Run this code and have a look at the map. You should be able to see the Clean Air Zone (a shaded area around the city centre), as well as the 4 locations indicated by markers. You can zoom in and out, and hover your mouse above the markers to see which location it is.

The code to build this map makes use of the [`folium` library in Python](https://python-visualization.github.io/folium/latest/), and most of the code used for this is in the `map.py` _module_ file. The file used to mark the Clean Air Zone is the [GeoJSON file that is available from the West of England Open Portal](https://opendata.westofengland-ca.gov.uk/explore/dataset/weca_caz/export/). You don't need to worry about the code for now (although if you're interested, you can take a look), but do run the cell and have a look at the results.

In [None]:
from map import create_map, add_marker
m = create_map()
add_marker(m, 51.457950, -2.583989, "Temple Way")
add_marker(m, 51.441747, -2.559956, "Brislington Depot")
add_marker(m, 51.432676, -2.604957, "Parson Street School")
add_marker(m, 51.427864, -2.563742, "Wells Road")

---

## Reading the data

First, we will import the _libraries_ that we require - these are pre-written packages that have various different functionalities. Most of them are imported in the format `import X as Y`, where `X` is the full name of the library and `Y` is an abbreviation for it - you can put anything you want as the name for `Y`, but there is normally a naming convention for each library, such as `pandas` being shortened to `pd`, to create consistency across code.

In [None]:
import pandas as pd
import matplotlib.pyplot as plt

The library we will be using to read in this data is called `pandas` which derives its name from the term _panel data_, used in econometrics to refer to multi-dimensional structured data, often involving measurements over time.
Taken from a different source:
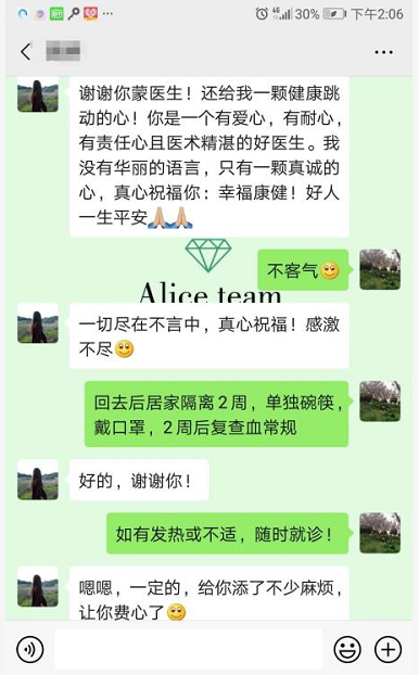 2月14日是西方人的情人節,在縣醫院感染科隔離病區工作的廣西老俵蒙宏發脫掉防護服,摘下護目鏡,換上白大褂,就接到妻子的手機視頻電話。透過手機,看著鏡頭里已經熟睡的一雙兒女,面容憔悴的妻子,簡單的寒暄幾句就按下結束鍵。近在咫尺卻好似遠隔天涯,轉過身這個鐵打的壯鄉漢子終于忍不住內心的酸楚,留下了眼淚。2月14日(正月二十一)是情人節,同時也是他的生日,沒有鮮花,沒有蛋糕,妻子祝福的話語還沒有來的及說就被他匆匆結束。他知道作為一個男人他要有所擔當,作為醫者他肩負使命,只有堅強才能給家人信心,只有堅守才能取得勝利。

There is a specific function to do read data in a .csv format, `read_csv()`. Let's read in the data for the Temple Way dataset first.

In [None]:
data_temple_way_filename = "data/temple_way.csv"
data_temple_way = pd.read_csv(data_temple_way_filename, parse_dates=True)
data_temple_way.head()
data_temple_way.set_index("DATE_TIME", inplace=True) # sets index to DATE_TIME, to make it easier to access values later on
data_temple_way.index = pd.to_datetime(data_temple_way.index)

In [None]:
data_temple_way

We have created a variable called `data` which contains a table of information that we have extracted from a file.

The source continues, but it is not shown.